NATIONAL NEWS

Gov’t Launches Agric Investment Programme

A $113-million Ghana Agricultural Sector Investment Programme (GASIP) aimed at enhancing agriculture in the country has been launched in Accra.

The six-year initiative being financed by the International Fund for Agriculture Development (IFAD) and implemented by the Ministry of Food and Agriculture (MOFA), is meant to support infrastructure development, technology transfer, ‘conservation’ farming and research.

President John Mahama in a speech read on his behalf by the Minister of Food and Agriculture, Fiifi Fiavi Kwetey, said government would work hard to modernise agriculture to attract the youth to farming, because it offered a huge opportunity to address the country’s unemp- loyment.

President Mahama said agriculture would be attractive to the youth if the living conditions in the rural area were improved.

That, he said, called the provision of good roads to link farming communities to market and urban centres, good health facilities and schools.

“… our youth cannot be attracted to agriculture and inherit from their ageing parents if we expect them to go the hoe and cutlass methods of farming,” the President stressed.

President Mahama said it explained why the government had initiated GASIP, and was importing agriculture equipment and machinery such as tractors and accessories and planting and harvesting machineries.

He said GASIP was an upscale of the Northern Rural Growth Programme, which was initiated in 2009 to promote agriculture and development in the Northern sector of the country, stressing that government would address the manpower needs of agriculture.

The President advised the youth to take advantage of the GASIP and improve their lot and create jobs for others.

The Director of the West and Central African Division of the IFAD, Ides de Willebois, said his outfit had provided a grant of $10 million to support farmers in the country to withstand the effect of climate change.

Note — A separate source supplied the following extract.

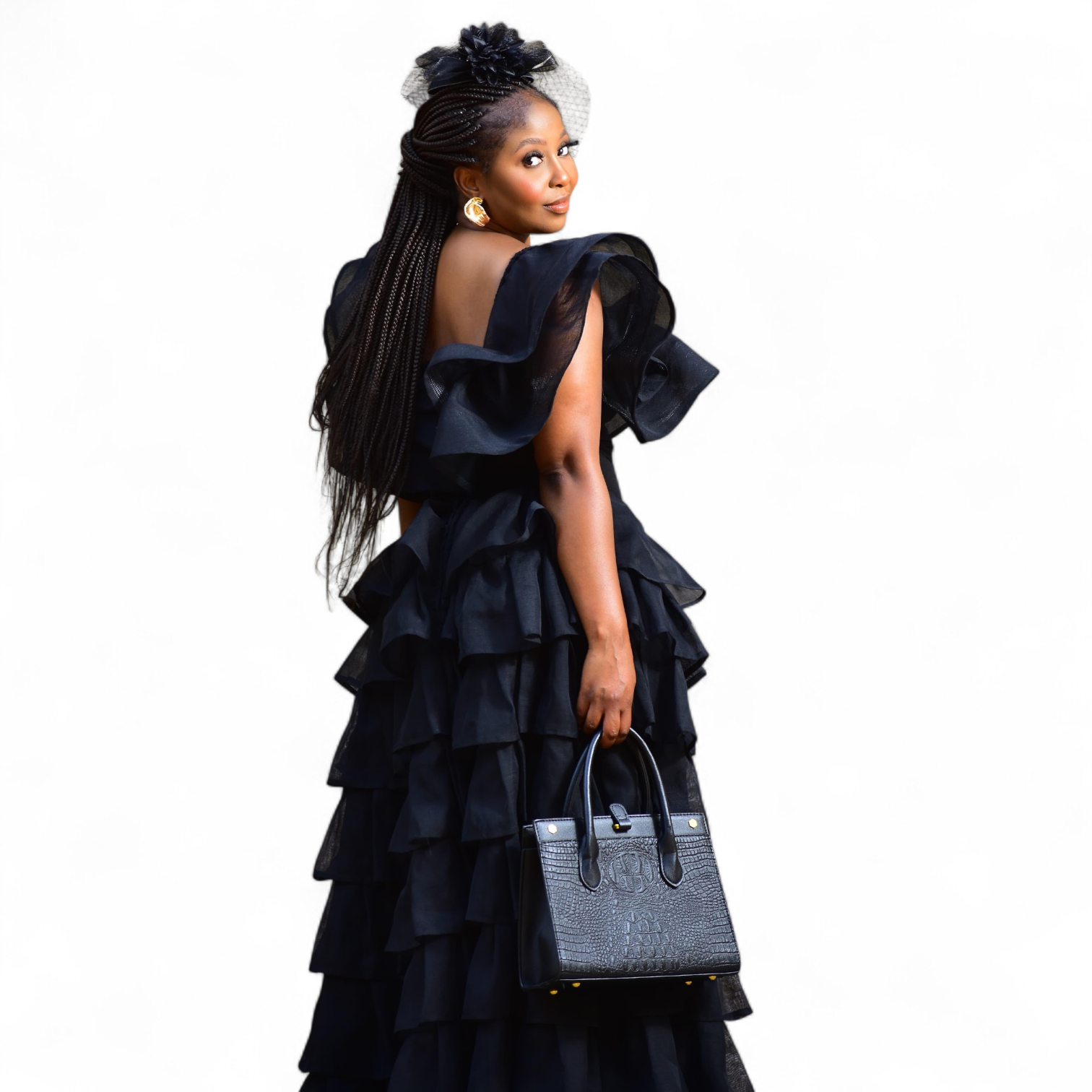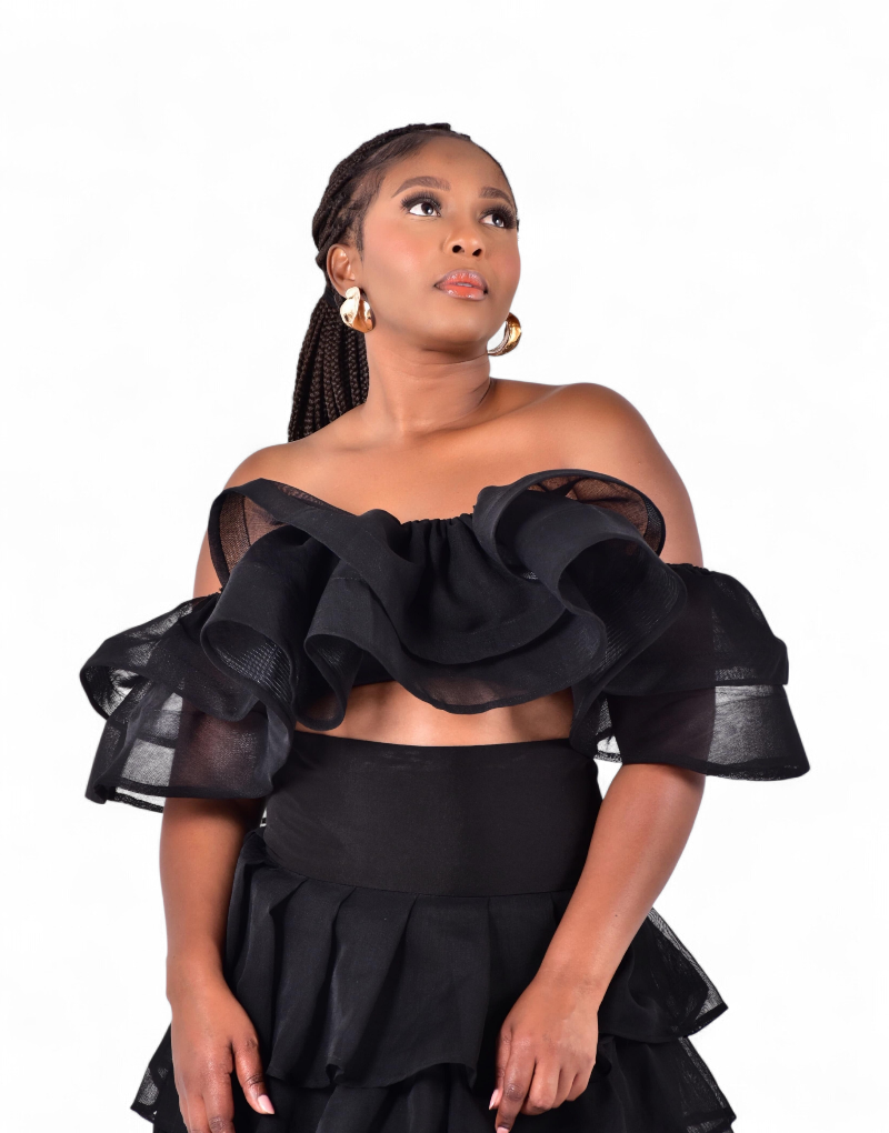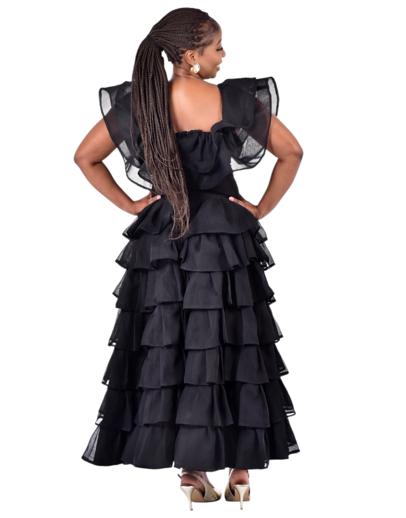 Description: The Skirt is a multi-layered tier of sheer fabric and ruffle top with ruffled sleeves

He explained that the amount was to support farmers to engage in ‘conservation’ farming and engage in farming practices that would not have adverse effect on the environment.

Mr Willebois said the project would help to improve food security and lift farmers out of poverty.

The Project Coordinator of GASIP, Roy Ayariga, said the project, which would benefit about 40,000 farmers across the country, was meant to address challenges facing the agricultural sector, such as bad roads, lack of finance for farmers, poor warehousing facilities, post-harvest losses and lack of market for the produce of farmers.

Specifically, he said the project would support the construction of road infrastructure and warehouses in the farming areas of the country and provide farmers with farm inputs such as tractors, adding that the project would fund research, technology and extension services for farmers.